Blockade of Human HERG K+ Channels by Rosiglitazone, an Antidiabetic Drug
Seung Ho Lee,최복희,Min Ji Sung,한상준,Jimok Kim,민계식,조수현,Han Choe 대한약학회 2012 Archives of Pharmacal Research Vol.35 No.9
This study examined the effect of rosiglitazone, an oral antidiabetic drug, on human ether-a-gogo-related gene (HERG) channels expressed in human embryonic kidney (HEK293) cells. Using the whole-cell patch-clamp technique, interaction between rosiglitazone and HERG in HEK293 cells was studied. Rosiglitazone inhibited HERG channels in a concentration-dependent manner, with an IC50 value of 18.8 μM and a Hill coefficient of 1.0. These effects were reversible after wash-out of the drug.
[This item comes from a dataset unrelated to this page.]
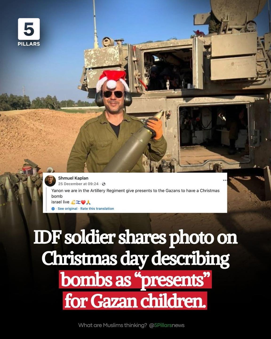 Seorang tentara IDF bernama Shmuel Kaplan membagikan foto dirinya dengan topi santa memegang peluru artileri, menyatakan, “kami di Resimen Artileri memberikan hadiah kepada warga Gaza berupa bom Natal”.
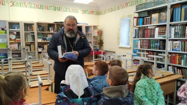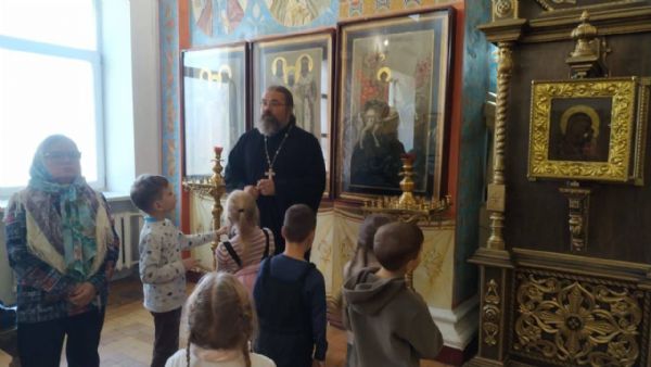 Настоятель храма, иерей Илия Точуков, рассказал детям о святынях храма и показал воскресную школу. Особое внимание отец Илия уделил Порт-Артурской иконе Божией Матери и картине «Видение отроку Варфоломею», будущего Сергия Радонежского, покровителя школьников и студентов.

The rosiglitazone-induced inhibition of HERG channels was voltagedependent, with a steep increase in inhibition over the voltage range of channel opening. However, inhibition was voltage-independent over the voltage range in which channels are fully activated. Rosiglitazone did not change the steady-state activation or inactivation curves or the activation or deactivation kinetics, implying that rosiglitazone blocks HERG channels predominantly in the open and inactivated state rather than in the closed state. The present study suggests that rosiglitazone blocks HERG channels by binding to activated and inactivated channels, and rosiglitazone use should thus be carefully monitored in patients with pre-existing QT prolongation.